■ WHAT YOU SHOULD DO ■
Beginning at the line that contains "La camiseta Friends" and finishing at the line that contains "床頭燈的選擇別具匠心,線條一", output the data below exactly. Include both end lines and no pictures.

■ DATA EXTRACT ■
+ + +

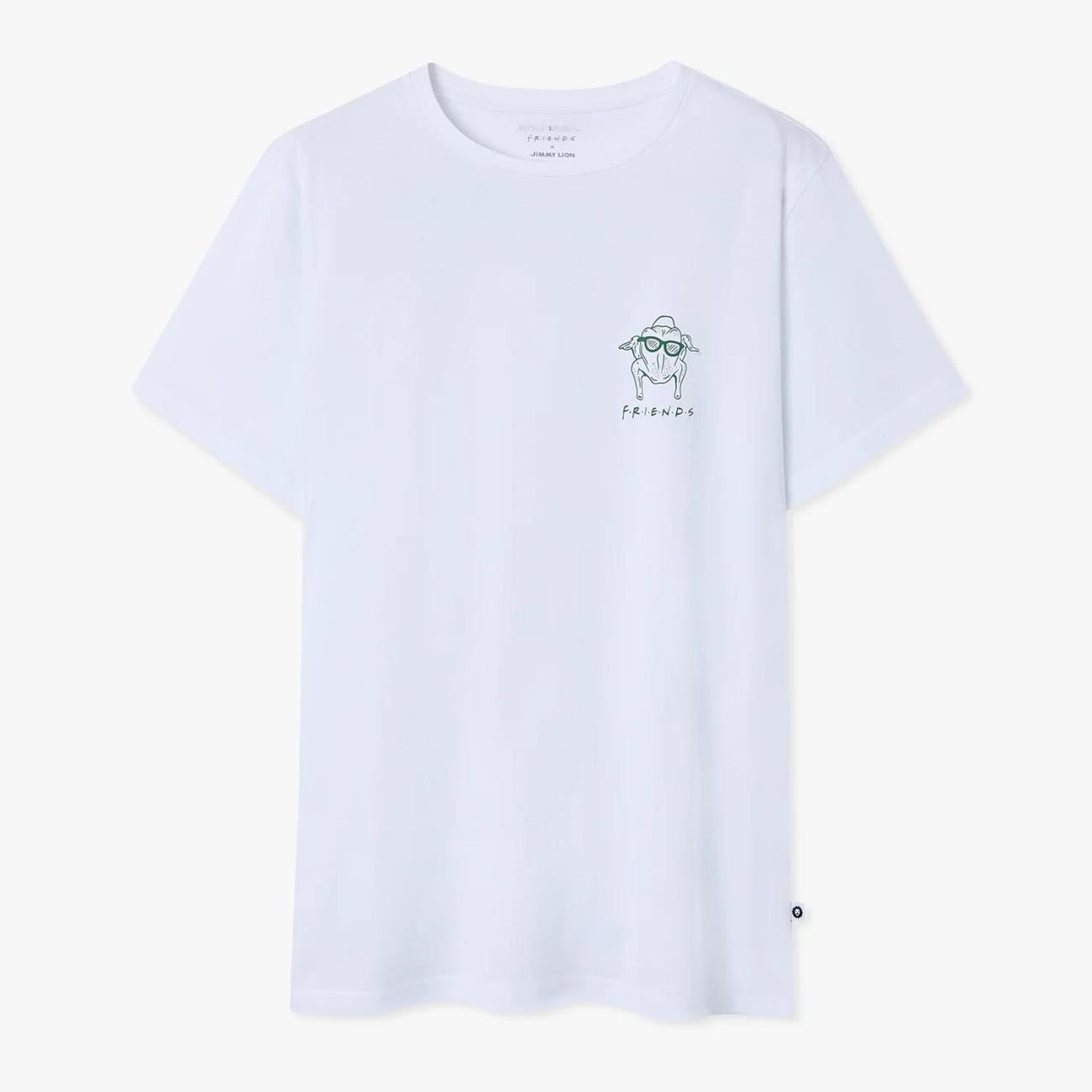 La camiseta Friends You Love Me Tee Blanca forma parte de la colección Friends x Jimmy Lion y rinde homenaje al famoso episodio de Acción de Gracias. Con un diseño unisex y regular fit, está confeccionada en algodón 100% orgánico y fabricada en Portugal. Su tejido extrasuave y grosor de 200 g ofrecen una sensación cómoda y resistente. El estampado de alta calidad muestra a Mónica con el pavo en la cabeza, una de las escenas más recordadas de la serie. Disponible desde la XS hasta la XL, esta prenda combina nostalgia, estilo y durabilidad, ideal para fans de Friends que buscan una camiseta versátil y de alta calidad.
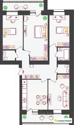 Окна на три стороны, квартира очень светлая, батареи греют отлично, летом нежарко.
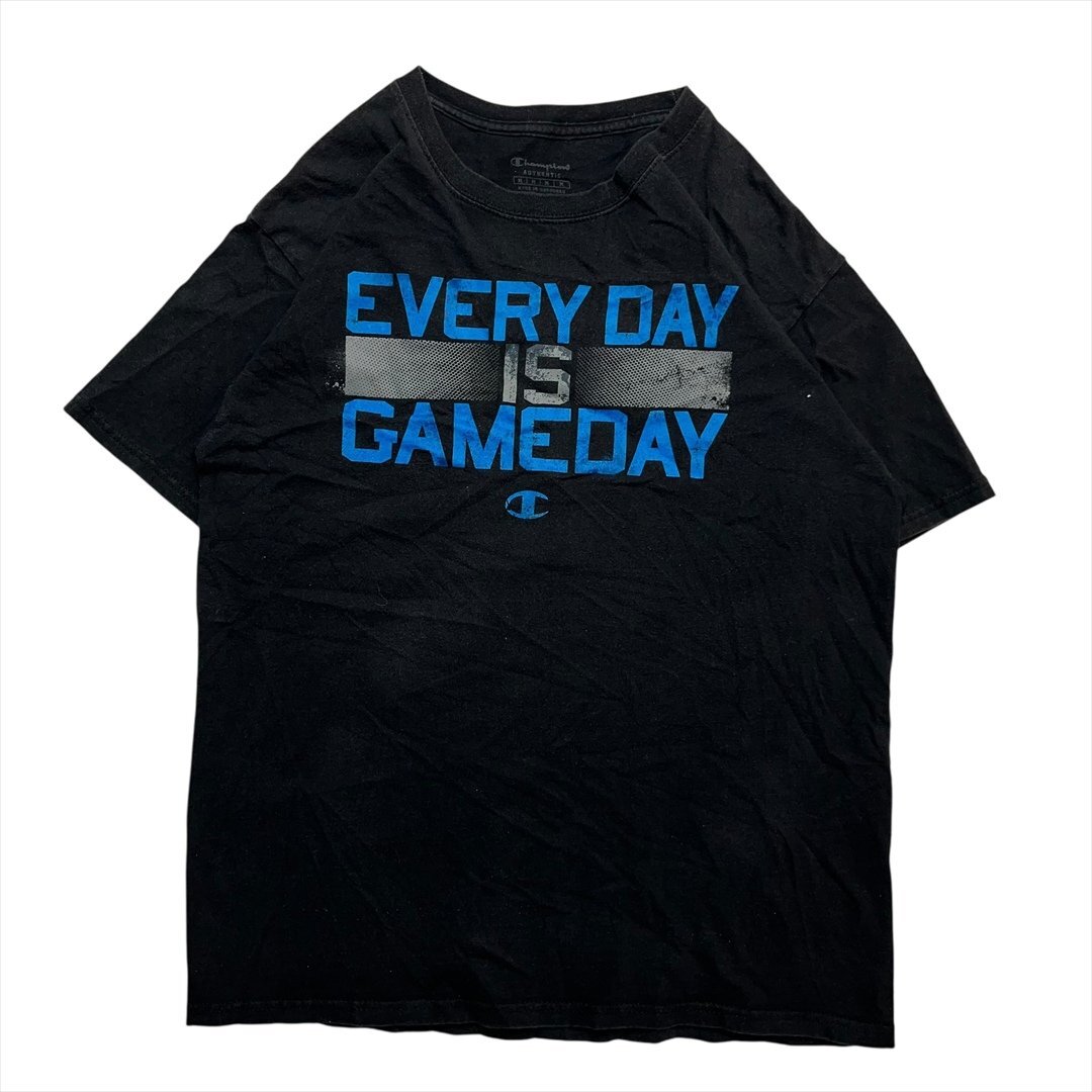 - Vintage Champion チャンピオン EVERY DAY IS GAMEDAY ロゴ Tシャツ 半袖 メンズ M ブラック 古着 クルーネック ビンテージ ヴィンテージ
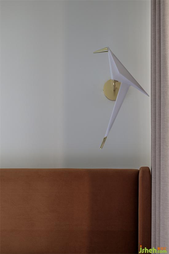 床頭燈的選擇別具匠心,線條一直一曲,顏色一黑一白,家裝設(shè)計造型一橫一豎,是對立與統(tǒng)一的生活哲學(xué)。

+ + +

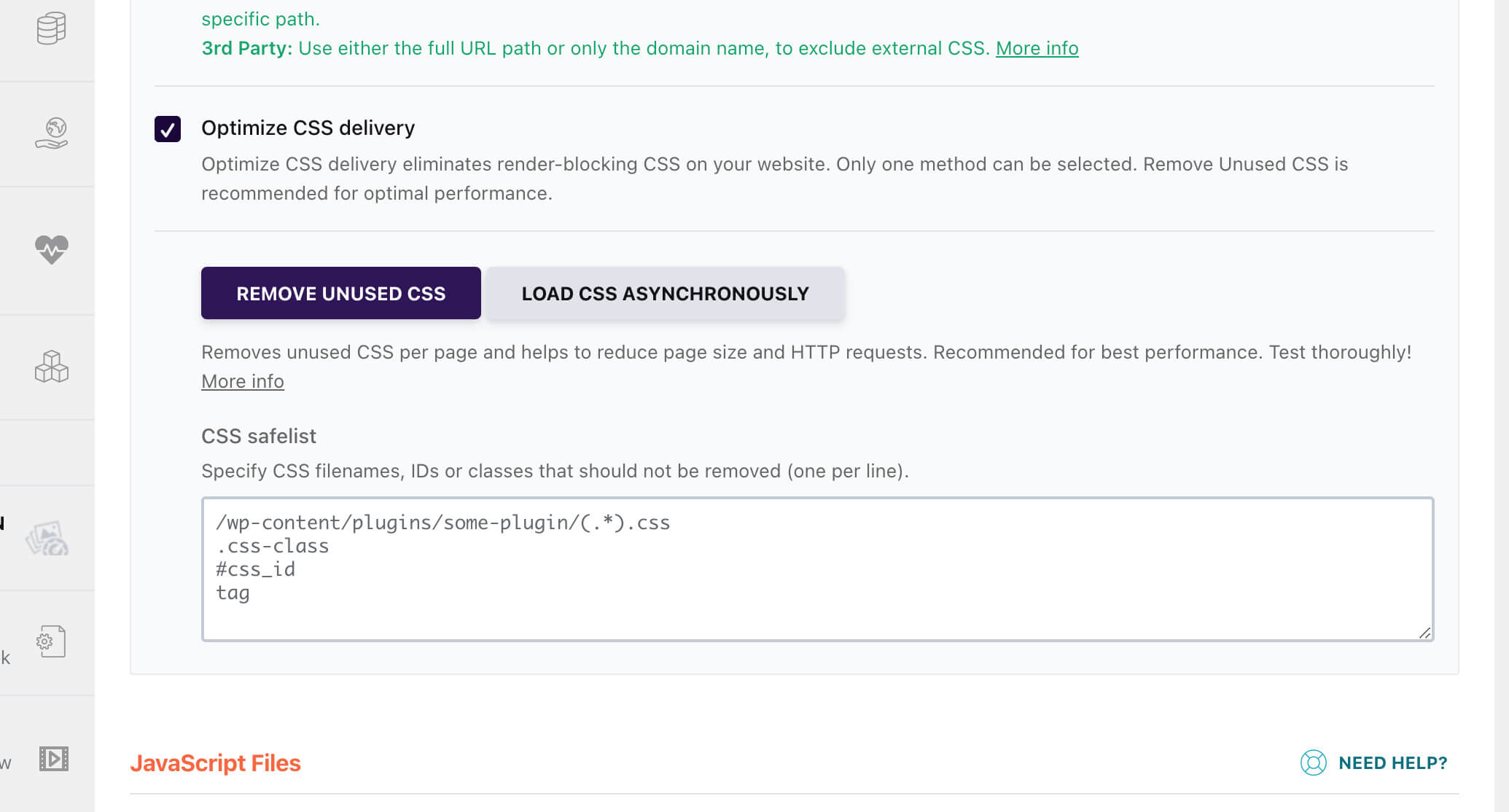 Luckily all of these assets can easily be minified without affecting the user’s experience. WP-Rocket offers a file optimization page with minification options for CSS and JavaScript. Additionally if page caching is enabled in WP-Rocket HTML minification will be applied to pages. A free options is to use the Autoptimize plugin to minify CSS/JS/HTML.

+ + +

■ TASK OUTPUT ■
 La camiseta Friends You Love Me Tee Blanca forma parte de la colección Friends x Jimmy Lion y rinde homenaje al famoso episodio de Acción de Gracias. Con un diseño unisex y regular fit, está confeccionada en algodón 100% orgánico y fabricada en Portugal. Su tejido extrasuave y grosor de 200 g ofrecen una sensación cómoda y resistente. El estampado de alta calidad muestra a Mónica con el pavo en la cabeza, una de las escenas más recordadas de la serie. Disponible desde la XS hasta la XL, esta prenda combina nostalgia, estilo y durabilidad, ideal para fans de Friends que buscan una camiseta versátil y de alta calidad.
 Окна на три стороны, квартира очень светлая, батареи греют отлично, летом нежарко.
 - Vintage Champion チャンピオン EVERY DAY IS GAMEDAY ロゴ Tシャツ 半袖 メンズ M ブラック 古着 クルーネック ビンテージ ヴィンテージ
 床頭燈的選擇別具匠心,線條一直一曲,顏色一黑一白,家裝設(shè)計造型一橫一豎,是對立與統(tǒng)一的生活哲學(xué)。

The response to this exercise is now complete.